Ozil was magnificent in the number ten role, orchestrating attacks with the nonchalance of a man conducting a particularly straightforward symphony. Cazorla, alongside him, provided the ball-carrying ability that allowed us to escape the press and transition from defence to attack in those crucial moments when Spurs committed bodies forward.

The North London derby is not merely a football match. It is a statement of identity, a declaration of supremacy, a ninety-minute argument about who owns this part of the city. And on this afternoon, the argument was settled before it had barely begun.

The second half was managed with intelligence and composure. Further goals came — the margin of victory reflecting not just our superiority on the day but the chasm in quality between the two sides that, for all Spurs’ recent improvement, continues to exist. Each goal was celebrated with the particular intensity reserved for North London derbies, that primal joy that comes from defeating the people who live three miles up the road and support the wrong team.

What the derby means

I have written before about the great derbies of the past, and this one takes its rightful place in the canon. Not because it was a classic in the traditional sense — the early goal rather took the sting out of the contest — but because of what it represented. In a season where Arsenal’s title challenge was beginning to waver, where doubts were creeping in like damp through old brickwork, this was a statement of intent.

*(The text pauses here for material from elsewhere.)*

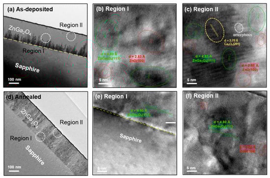 Figure 3 depicts the cross-sectional and high-resolution transmission electron micrographs (HRTEM) of as-deposited and annealed ZnGa2O4 film under air ambience. The cross-sectional TEM micrograph of as-deposited ZnGa2O4 film is shown in Figure 3a, while region I and region II of this film are explored in Figure 3b,c, respectively. This as-deposited ZnGa2O4 film demonstrated columnar grains near the substrate region and possessed the amorphous, ZnO (100), Ga2O3 (201), and ZnGa2O4 (111) phases. These phases are evident in this film, as it was deposited at a substrate temperature of 400 °C. The d-spacing of ~2.83, 3.70, and 4.83 Å (compatible with 4.80 Å) was measured, which corresponded to the ZnO (111), Ga2O3(201), and ZnGa2O4 (111) phases, respectively. The rapid thermal annealing was performed at the temperature of 700 ℃ for 1 min under air ambience to improve the crystallinity of this film. The oxygen present in the air ambience during thermal annealing played a significant role in eliminating the intrinsic defects, such as amorphous regions and oxygen vacancies in the films. A cross-sectional TEM micrograph of the annealed ZnGa2O4 film under air ambience is shown in Figure 3d, and its region I and region II are explored in Figure 3e,f, respectively. These regions (I and II) of the annealed ZnGa2O4 film demonstrated that rapid thermal annealing under air ambience suppressed the amorphous and Ga2O3 phases by the local bond rearrangement at the interface between the amorphous phase and the crystalline phase, and achieved a quasi-single-crystalline ZnGa2O4 structure, as shown in Figure 3e,f.

We are still here. We are still Arsenal. And Tottenham, for all their noise and investment and promises of a new dawn, are still Tottenham. Some things in football do not change, and the fundamental dynamic of the North London derby — Arsenal’s quiet confidence versus Spurs’ perpetual frustration — remains as it has been for the better part of two decades.

Seventy-two seconds. That is all it took. In a sport defined by fine margins and sliding doors, seventy-two seconds to establish dominance, to silence a hostile ground, to remind everyone — including, perhaps, ourselves — that when Arsenal turn up to a North London derby, the result is rarely in doubt.

We walked out of White Hart Lane and into the March evening, and the songs rang out along the High Road, and for one perfect afternoon, all was right with the world. Arsenal continuing their winning ways. Plus ca change.